萧无咎含着那颗蜜饯,舌尖上的甜味还没散尽,墙角那边的惨叫就越扯越尖。他眉头一拧,像是被人拿针在太阳穴上戳了两下。
“嚎什么嚎,狼还没咬你,先把自己吓出个好歹。”他嘟囔着,把嘴里的核子“啪”地吐出去,正巧打在门槛上,蹦了两蹦,落进草堆里。
他慢吞吞用袖口擦了擦嘴角,鞋尖蹭着地,一步一拖地跨出门槛。天光已经压到林梢,风一吹,影子拉得老长,像根懒洋洋不肯直起腰的扁担。
“天天倒霉,连狼都来找我算账。”他边走边揉肩,“早知道就不该留那瓶灰面在门口,招贼又招畜生。”
七八丈远,三头青毛狼围成半圈,绿眼幽幽地亮着。最前头那头后腿绷紧,脖颈肌肉一鼓,猛地跃起,獠牙直冲二愣子面门——眼看就要咬实。

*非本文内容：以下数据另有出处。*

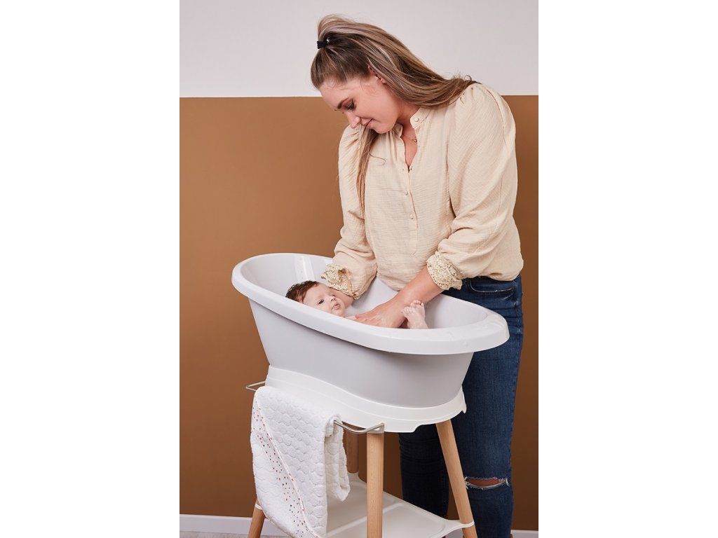 Veľmi stabilný vaňový stojan Sense má nohy vyrobené z lakovaného bukového dreva s certifikáciou FSC. To dodáva stojanu teplý moderný vzhľad. Je vybavený praktickými pomôckami; vpredu je pripevnený držiak na uteráky. Priestranná plastová polička poskytuje dostatok miesta napríklad na šampón, žinku, vodné hračky alebo kúpací gél. To znamená, že máte po ruke všetky potrebné veci, aby ste si s malým mohli v pokoji kúpanie užiť. Inovatívny systém upevnenia zaisťuje, že vaňu možno ľahko pripevniť k stojanu a rovnako ľahko sňať. Po kliknutí môžete svoje bábätko nerušene a bezpečne kúpať.

萧无咎眼皮都没抬,左脚往前一滑,像是踢石子赶狗似的,脚尖轻轻一点。
“咚”一声闷响,那狼空中一个翻滚,硬生生被踹飞出去,撞上旁边歪脖子松树,树干一颤,落下一捧枯叶和半截鸟窝。狼落地后抽抽两下,趴那儿不动了,尾巴软塌塌拖在地上。
剩下两头当场僵住,耳朵贴头,鼻翼急促翕动,绿眼睛死死盯着萧无咎,像是看见什么不该看的东西。
萧无咎却连正眼都不给它们一下。他低头看了看自己的草鞋,鞋尖破洞露出大脚趾,沾了点泥,皱眉道:“脏死了,这狼也不洗澡。”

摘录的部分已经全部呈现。